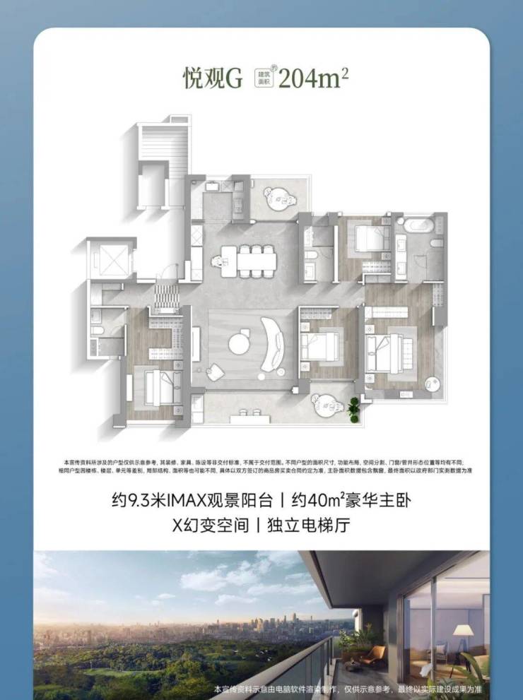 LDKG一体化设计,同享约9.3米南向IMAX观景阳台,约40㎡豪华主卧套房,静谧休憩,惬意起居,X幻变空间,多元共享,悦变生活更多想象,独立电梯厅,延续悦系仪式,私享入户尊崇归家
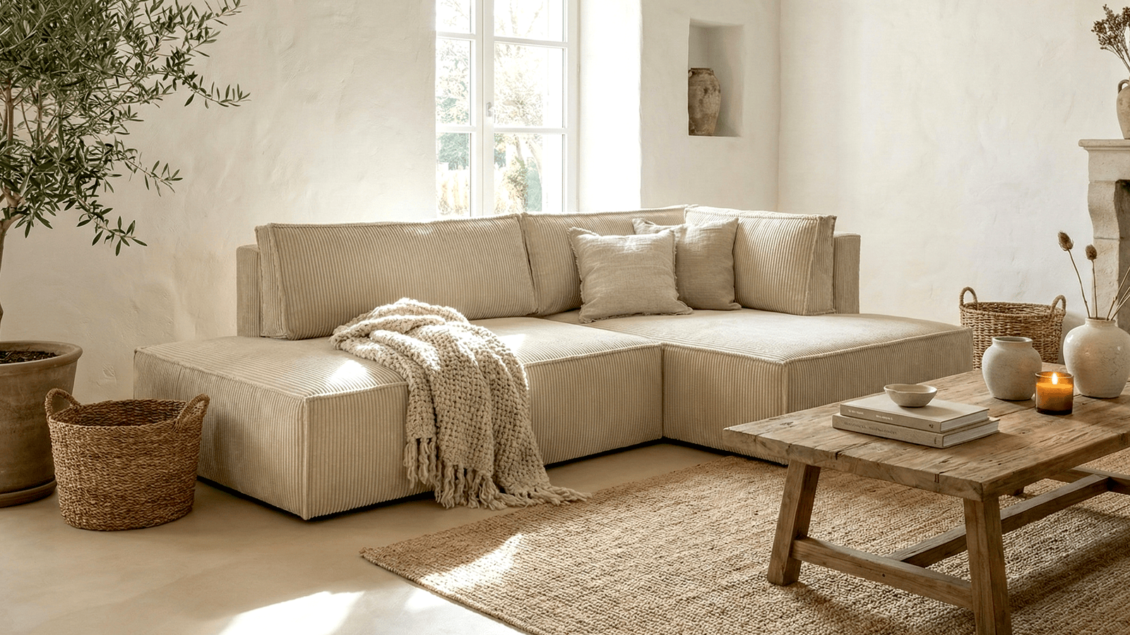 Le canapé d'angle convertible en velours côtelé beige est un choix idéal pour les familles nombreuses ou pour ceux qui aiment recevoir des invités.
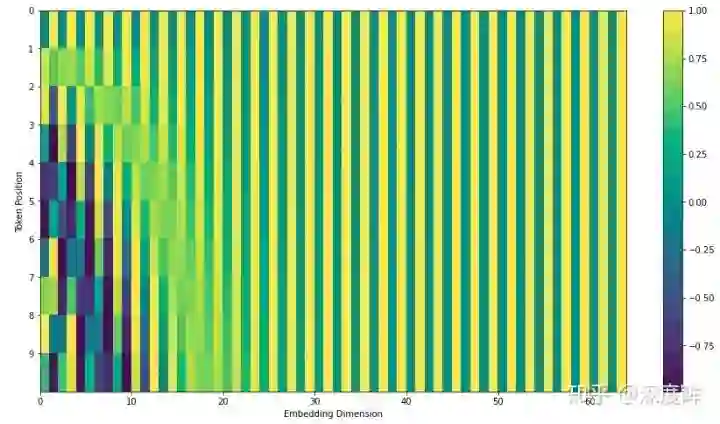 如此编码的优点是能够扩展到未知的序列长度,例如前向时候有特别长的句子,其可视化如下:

▶ Your instructions
Every line above has to be output exactly; the pictures must be dropped.

▶ Task output
 LDKG一体化设计,同享约9.3米南向IMAX观景阳台,约40㎡豪华主卧套房,静谧休憩,惬意起居,X幻变空间,多元共享,悦变生活更多想象,独立电梯厅,延续悦系仪式,私享入户尊崇归家
 Le canapé d'angle convertible en velours côtelé beige est un choix idéal pour les familles nombreuses ou pour ceux qui aiment recevoir des invités.
 如此编码的优点是能够扩展到未知的序列长度,例如前向时候有特别长的句子,其可视化如下:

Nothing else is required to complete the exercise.